The score makes two tradeoffs visible:

• Smaller tiles often reduce per-CTA shared/register pressure and improve occupancy, but they increase grid_size and may produce more waves.
• Larger tiles can reduce global-memory traffic through reuse, but they are rejected or penalized when shared memory/register pressure lowers residency.
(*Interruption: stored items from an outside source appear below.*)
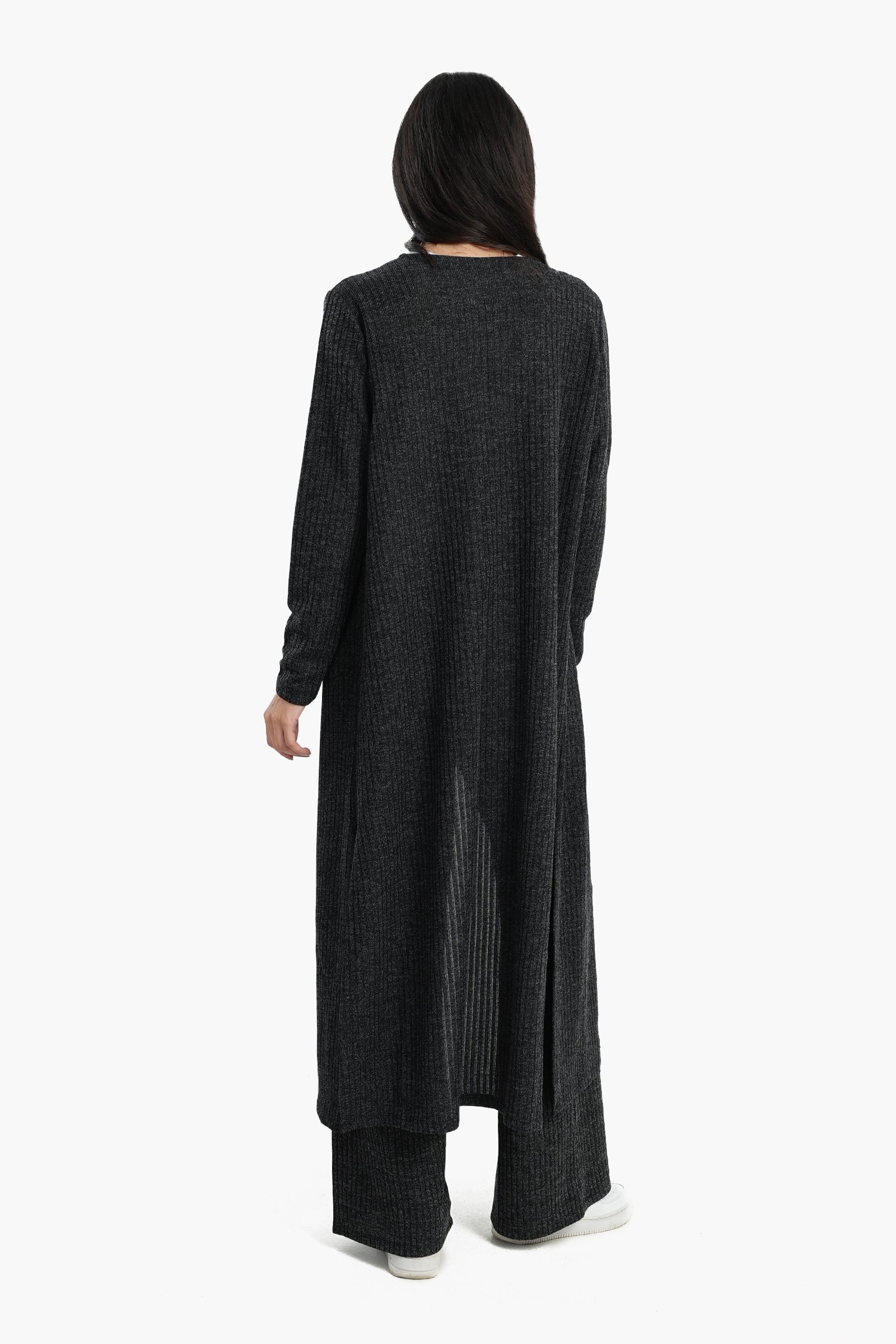 Ribbed Long Open Front Cardigan - Dark Grey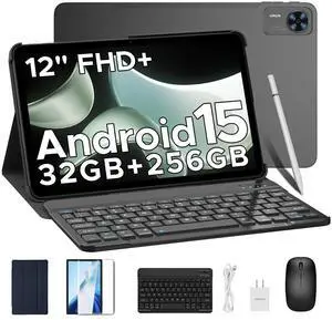 DOOGEE T36 12 inch Tablet with Keyboard, 32GB+256GB/2TB Expand Octa-Core Gaming Tablets,8800mAh,FHD+ Touchscreen with sim Card Slot,Android 15 Tablet,WiFi 5,Dual Camera,BT5.0,Widevine L1,Black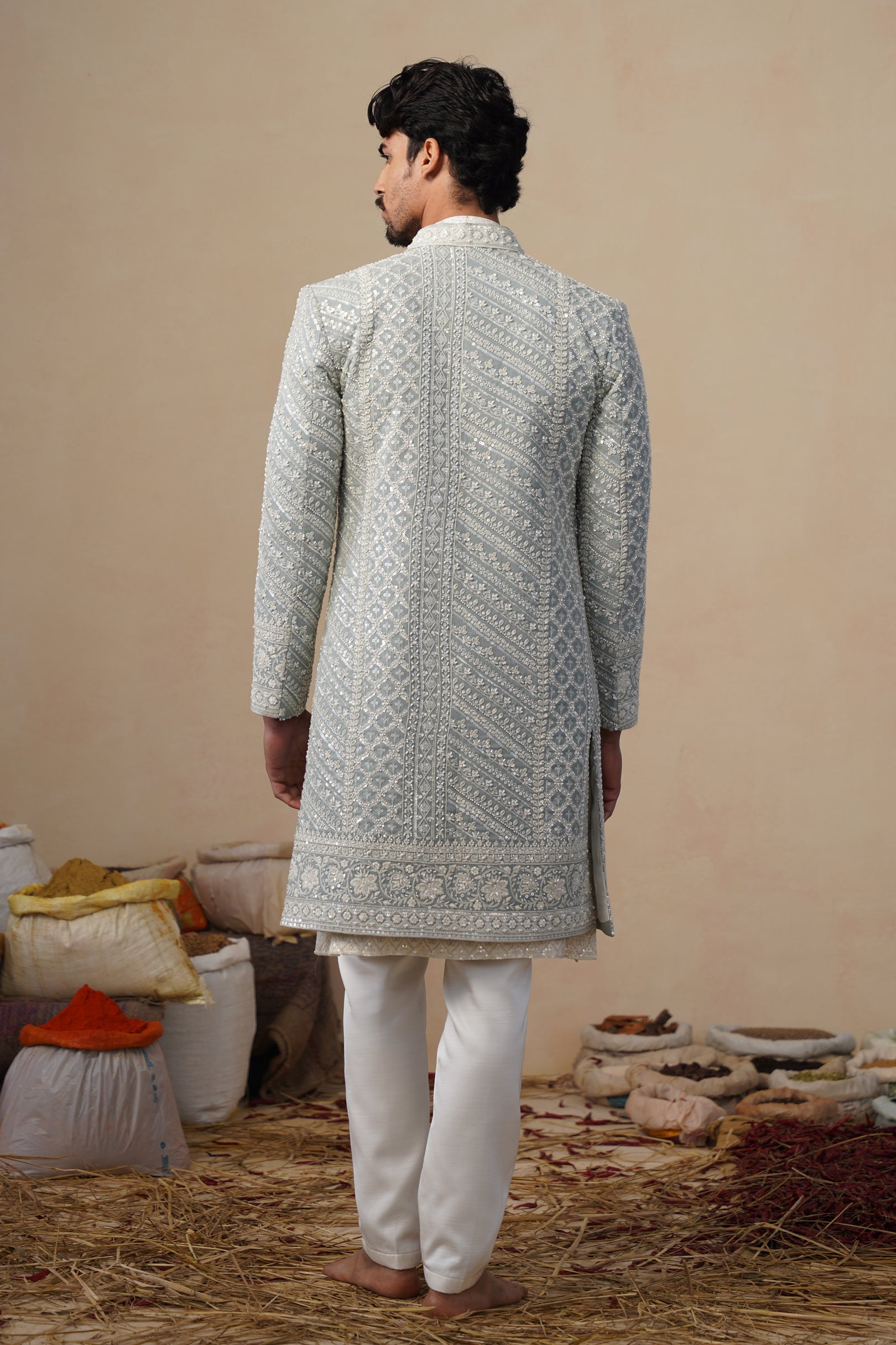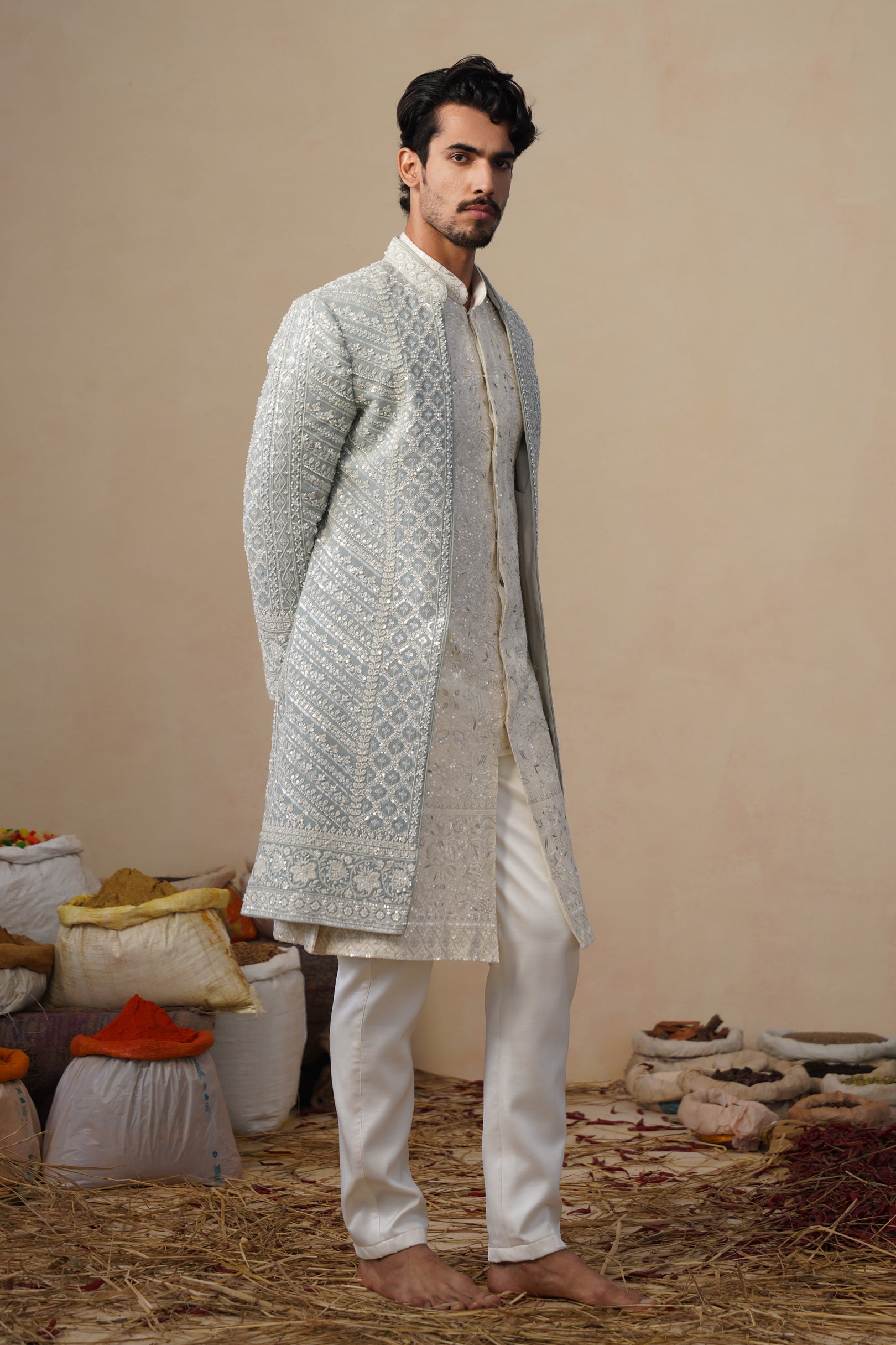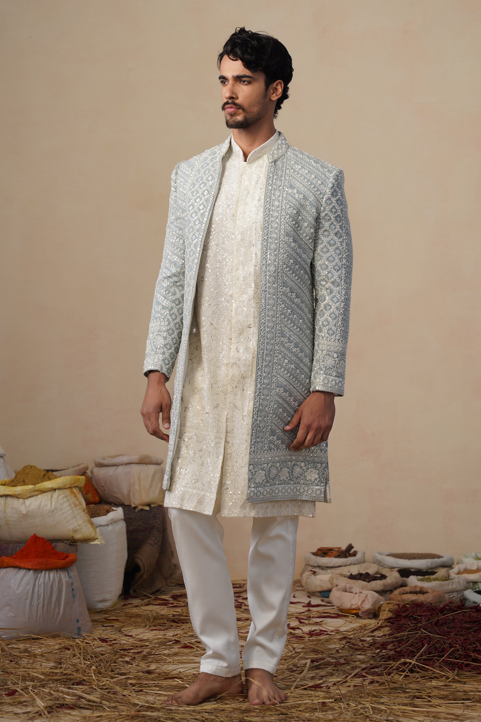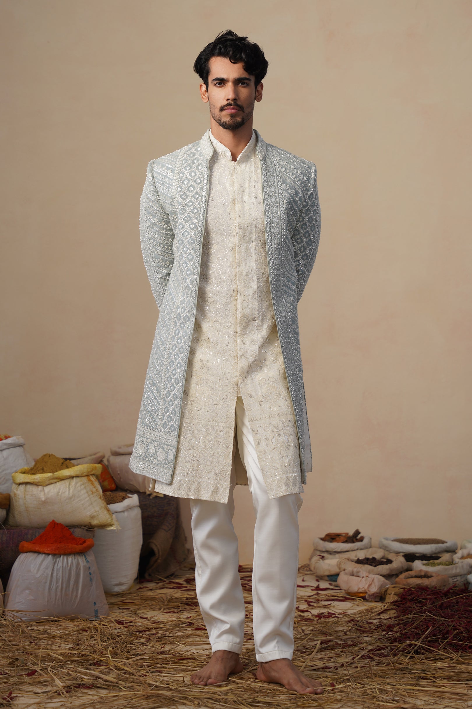 The inner kurta complements the sherwani with understated detailing, creating a balanced contrast to the ornate outer layer. Finished with tailored straight pants, the ensemble offers a polished and graceful finish, making it ideal for weddings, receptions, and ceremonial celebrations where classic craftsmanship meets sophisticated styling.

# tilelang/carver/roller/policy/default.py
td.traffic, td.tile_map = self._compute_memory_traffic(output_tile)
td.smem_cost, td.cached_tensors_map = self._compute_shared_memory_usage(td)
if td.smem_cost > self.arch.smem_cap:
    td.valid = False
    return td
output_shape = self.output_nodes[0].get_space_dim()
td.grid_size = int(np.prod([(y + x - 1) // x for x, y in zip(output_tile, output_shape)]))
reg_usage = int(2 * max([np.prod(td.get_tile(node)) * node.get_dtype().bits / 32 for node in self.ordered_nodes]))
if reg_usage > self.arch.reg_cap:
    td.valid = False
    return td
td.block_per_SM = min(
    self.arch.max_smem_usage // max(td.smem_cost, 1),
    self.arch.reg_cap // max(reg_usage, 1),
    self.arch.sm_partition,
)
td.num_wave = int(np.ceil(td.grid_size / int(td.block_per_SM * self.arch.compute_max_core)))

Tensor core

TensorCorePolicy adds tensor-core-specific rules: pipeline stage and async-copy defaults by architecture, K-step multiples of wmma_k, tensor-intrinsic shape validity, warp tile assignment, and shared-memory limits (tilelang/carver/roller/policy/tensorcore.py:30, tilelang/carver/roller/policy/tensorcore.py:86, tilelang/carver/roller/policy/tensorcore.py:206, tilelang/carver/roller/policy/tensorcore.py:262).

# tilelang/carver/roller/policy/tensorcore.py
if self.arch.compute_capability in {"sm_80", "sm_90", "sm_90a"}:
    self.pipeline_stage = 2
else:
    self.pipeline_stage = 1
use_async_copy = self.prim_func_node.get_tag("use_async_copy")
if use_async_copy:
    self.use_async_copy = use_async_copy
else:
    if self.arch.compute_capability in {"sm_80", "sm_90", "sm_90a"}:
        self.use_async_copy = True
    else:
        self.use_async_copy = False

For tensor-core GEMM, the recommender additionally has to keep the macro tile compatible with intrinsic fragments:

Output tile [block_M, block_N]
+-----------------------------------------------+
| CTA computes one C tile                       |
|                                               |
|  +--------------+--------------+-----------+  |
|  | warp tile    | warp tile    | ...       |  |
|  | [warp_M,N]   | [warp_M,N]   |           |  |
|  +--------------+--------------+-----------+  |
|  | warp tile    | warp tile    | ...       |  |
|  +--------------+--------------+-----------+  |
|                                               |
| Each warp tile is an integer multiple of      |
| the selected MMA/WGMMA/TCGEN intrinsic shape. |
+-----------------------------------------------+

Reduction slice [block_K]
+--------------------+      +--------------------+
| A_shared BM x BK   |  x   | B_shared BN x BK   |
| staged per pipe    |      | staged per pipe    |
+--------------------+      +--------------------+

Pipeline depth multiplies the live shared-memory footprint.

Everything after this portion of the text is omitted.